Copy every line of the data below exactly as given, except for the pictures.

----

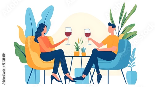 cheer, lounge, togetherness, human relationships, chair, joyful, romance, enjoyment, positive, friendship, indoor, goggles, minimalist, wine, smiling, intimacy, simple, whimsical, red wine, digital artwork, eatery, bar, love, fun, toast, couple, happy, illustration, modern art, cartoon, white, art, character, blue, graphic design, celebration, colourful, yellow, casual attire, green, bright, plant, table
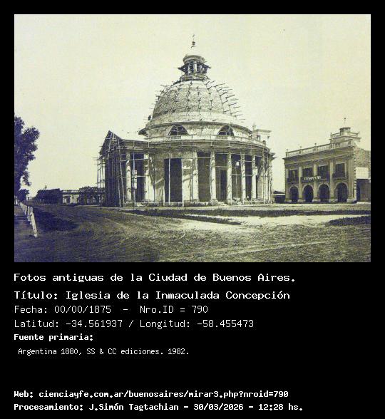 Iglesia de la Inmaculada Concepción - Fecha: 00/00/1875 - [Id: 790] Está ubicada frente a la plaza Manuel Belgrano. Inició la obra el ingeniero Nicolás Canale, siendo colocada la piedra fundamental el 23 de enero de 1865 y termina la construcción el arquitecto Juan A. Buschiazzo el 8 de diciembre de 1875 Fuente:Argentina 1880, SS & CC ediciones. 1982.
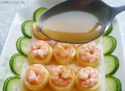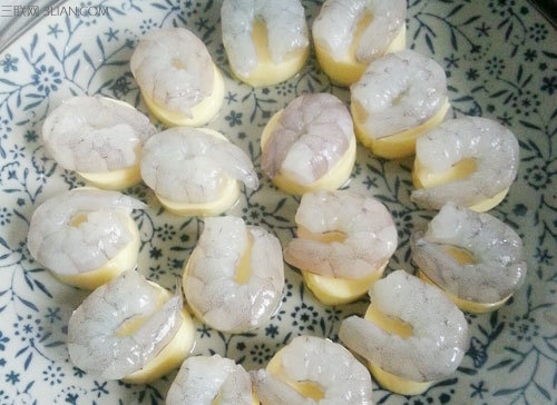 准备食材 第一步 处理粉丝 大虾去头去壳去虾线,洗净备用。 第二步 摆盘 把日本豆腐切成一厘米厚度的片状,摆入盘中,豆腐表面各摆放一只处理好的虾仁,装点青豆,撒少许盐。 第三步 蒸 上锅蒸,锅开后三五分钟即可,保持豆腐与虾鲜嫩的口感。 第四步 勾芡 把蒸出来的水份倒入碗中,加少许生粉调匀,倒入锅中,淋少许生抽,小火煮成薄薄的芡汁,把芡汁浇在蒸好的玉子虾仁上即可。 注:更多精彩文章请关注美食菜谱栏目。食材虾仁、日本豆腐、青豆配料盐、生抽、香油、生粉
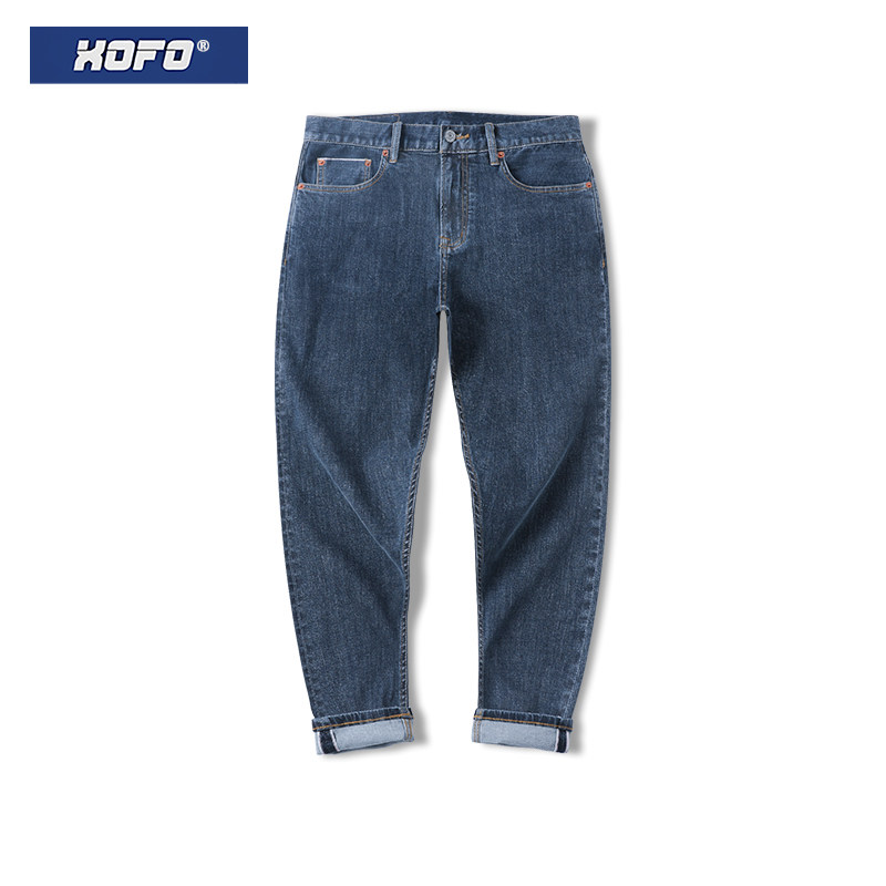 蓝灰色九分小脚锥形薄款牛仔裤2025新款男士冬季宽松直筒版型水洗
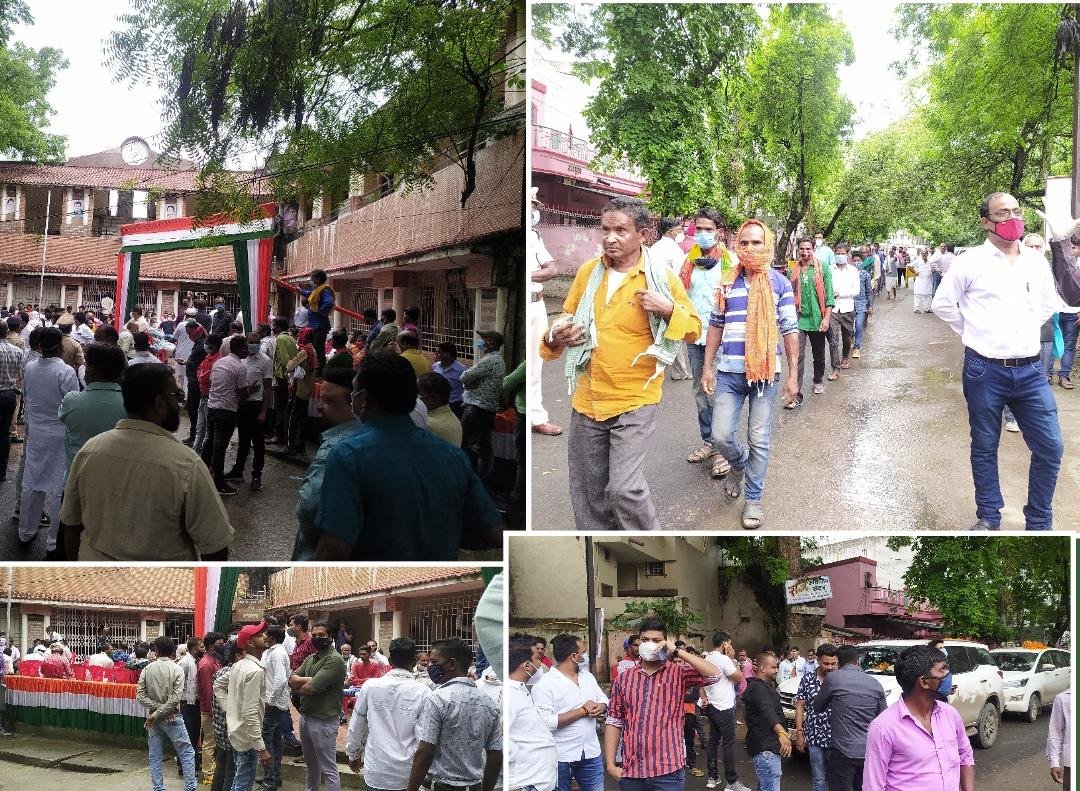 बिलासपुर। बिलासपुर सहित पूरे राज्य में अनलॉक की श्रेणी चल रही है अभी भी कोचिंग व्यवसाय को छुट नहीं मिली है स्कूल में सामान्य पद्धति से शिक्षा जैसा महत्वपूर्ण काम भी बंद है पर आज छत्तीसगढ़ भवन और कांग्रेस भवन सहित आसपास के क्षेत्र को देखकर ऐसा लग रहा था कि कोविड-19 ने बाकायदा कलेक्टर से कुछ दिन का अवकाश ले लिया है। और कलेक्टर ने कोविड-19 की अवकाश पर जाने की एप्लीकेशन पर सहमति व्यक्त की है तभी तो पूरे क्षेत्र में जबरदस्त भीड़ बिना सैनिटाइजिंग, बिना मास्क और बिना सोशल डिस्टेंसिंग के सुबह से शाम तक लगी रही।
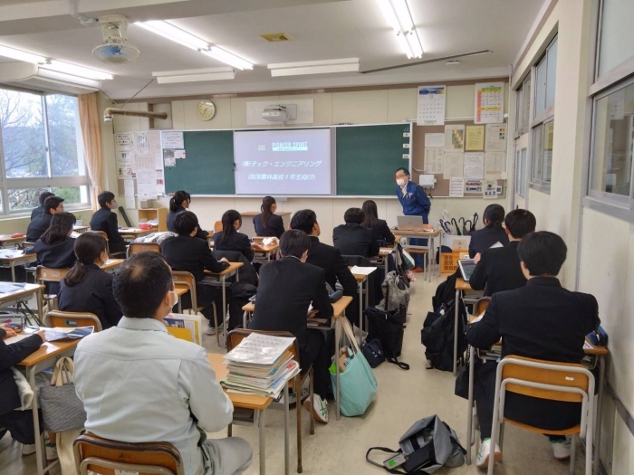本日、加茂農林高校での企業説明会に参加させて頂きました。 当社は1年生の2クラスに説明させて頂くことができました! 中には、キラキラした目で聞いてくれている生徒さんも居て、嬉しい限りです。 まだ1年生なので、来年の今頃にもう一度PRさせて頂く機会があると嬉しいところです。 こちらは、学校からお土産として頂きました、生徒さん達が作った「みそマドレーヌ」です!! 会社のみんなで頂きましたが、とても美味しかったです!! ありがとうございました。 そして、ご馳走様でした!
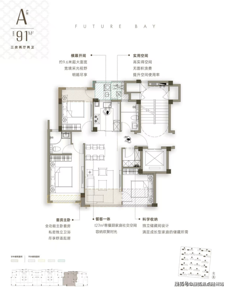 更贴心的是,连91㎡都配备了独立储藏间,婴儿车、行李箱、换季衣物都有了专属的“家”,彻底解决小户型的收纳痛点。
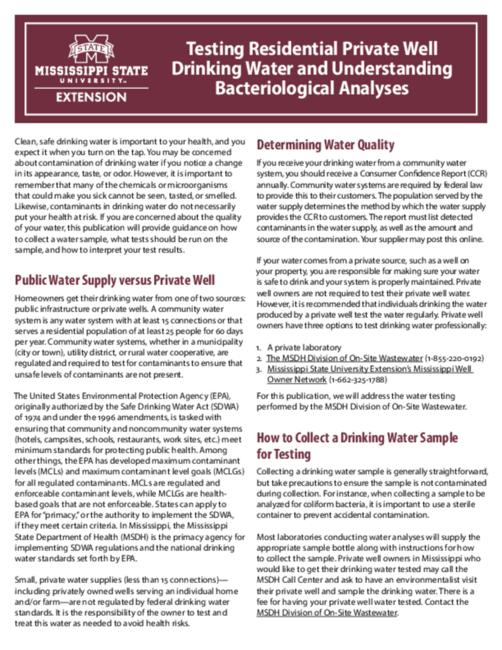 - Mississippi State University Extension’s Mississippi Well Owner Network (1-662-325-1788)
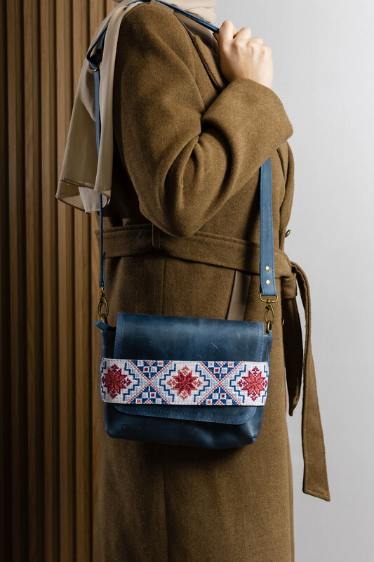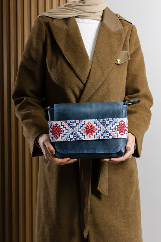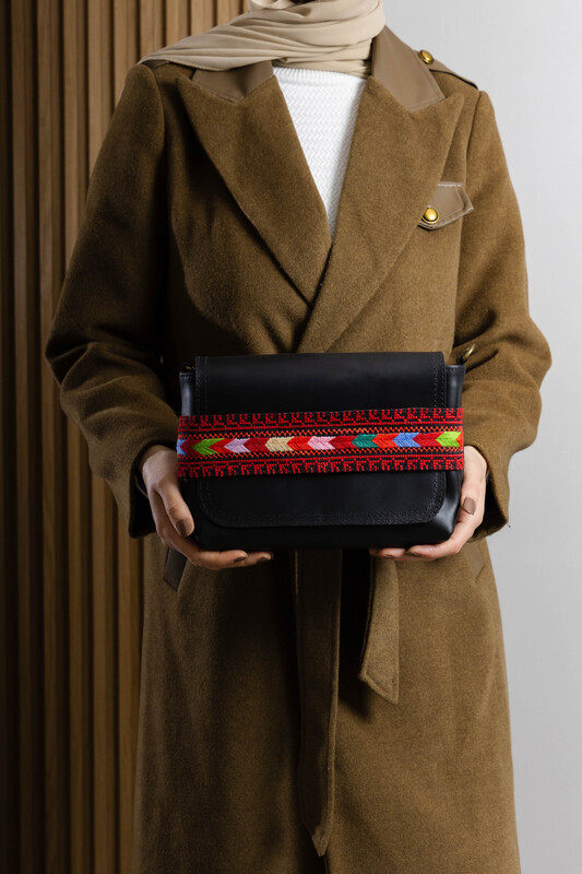 حقيبة جلد طبيعي 100% بتطريز فلسطيني يدوي
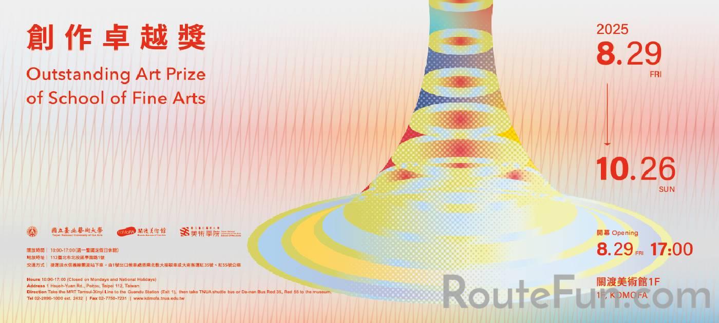 《2025創作卓越獎》由國立臺北藝術大學美術學院與關渡美術館共同主辦,為提昇學生創作與研究能力,並鼓勵參與具開放性與創造力的競賽展。本屆參選人數共計50人,特聘請校內外教師及專家學者,經初審及複審後選出9件作品,決審將選出首獎1名,於8月29日關渡美術館聯合開幕中公佈及頒獎。

----

**Solved problem**.
 cheer, lounge, togetherness, human relationships, chair, joyful, romance, enjoyment, positive, friendship, indoor, goggles, minimalist, wine, smiling, intimacy, simple, whimsical, red wine, digital artwork, eatery, bar, love, fun, toast, couple, happy, illustration, modern art, cartoon, white, art, character, blue, graphic design, celebration, colourful, yellow, casual attire, green, bright, plant, table
 Iglesia de la Inmaculada Concepción - Fecha: 00/00/1875 - [Id: 790] Está ubicada frente a la plaza Manuel Belgrano. Inició la obra el ingeniero Nicolás Canale, siendo colocada la piedra fundamental el 23 de enero de 1865 y termina la construcción el arquitecto Juan A. Buschiazzo el 8 de diciembre de 1875 Fuente:Argentina 1880, SS & CC ediciones. 1982.
 准备食材 第一步 处理粉丝 大虾去头去壳去虾线,洗净备用。 第二步 摆盘 把日本豆腐切成一厘米厚度的片状,摆入盘中,豆腐表面各摆放一只处理好的虾仁,装点青豆,撒少许盐。 第三步 蒸 上锅蒸,锅开后三五分钟即可,保持豆腐与虾鲜嫩的口感。 第四步 勾芡 把蒸出来的水份倒入碗中,加少许生粉调匀,倒入锅中,淋少许生抽,小火煮成薄薄的芡汁,把芡汁浇在蒸好的玉子虾仁上即可。 注:更多精彩文章请关注美食菜谱栏目。食材虾仁、日本豆腐、青豆配料盐、生抽、香油、生粉
 蓝灰色九分小脚锥形薄款牛仔裤2025新款男士冬季宽松直筒版型水洗
 बिलासपुर। बिलासपुर सहित पूरे राज्य में अनलॉक की श्रेणी चल रही है अभी भी कोचिंग व्यवसाय को छुट नहीं मिली है स्कूल में सामान्य पद्धति से शिक्षा जैसा महत्वपूर्ण काम भी बंद है पर आज छत्तीसगढ़ भवन और कांग्रेस भवन सहित आसपास के क्षेत्र को देखकर ऐसा लग रहा था कि कोविड-19 ने बाकायदा कलेक्टर से कुछ दिन का अवकाश ले लिया है। और कलेक्टर ने कोविड-19 की अवकाश पर जाने की एप्लीकेशन पर सहमति व्यक्त की है तभी तो पूरे क्षेत्र में जबरदस्त भीड़ बिना सैनिटाइजिंग, बिना मास्क और बिना सोशल डिस्टेंसिंग के सुबह से शाम तक लगी रही।
本日、加茂農林高校での企業説明会に参加させて頂きました。 当社は1年生の2クラスに説明させて頂くことができました! 中には、キラキラした目で聞いてくれている生徒さんも居て、嬉しい限りです。 まだ1年生なので、来年の今頃にもう一度PRさせて頂く機会があると嬉しいところです。 こちらは、学校からお土産として頂きました、生徒さん達が作った「みそマドレーヌ」です!! 会社のみんなで頂きましたが、とても美味しかったです!! ありがとうございました。 そして、ご馳走様でした!
 更贴心的是,连91㎡都配备了独立储藏间,婴儿车、行李箱、换季衣物都有了专属的“家”,彻底解决小户型的收纳痛点。
 - Mississippi State University Extension’s Mississippi Well Owner Network (1-662-325-1788)
 حقيبة جلد طبيعي 100% بتطريز فلسطيني يدوي
 《2025創作卓越獎》由國立臺北藝術大學美術學院與關渡美術館共同主辦,為提昇學生創作與研究能力,並鼓勵參與具開放性與創造力的競賽展。本屆參選人數共計50人,特聘請校內外教師及專家學者,經初審及複審後選出9件作品,決審將選出首獎1名,於8月29日關渡美術館聯合開幕中公佈及頒獎。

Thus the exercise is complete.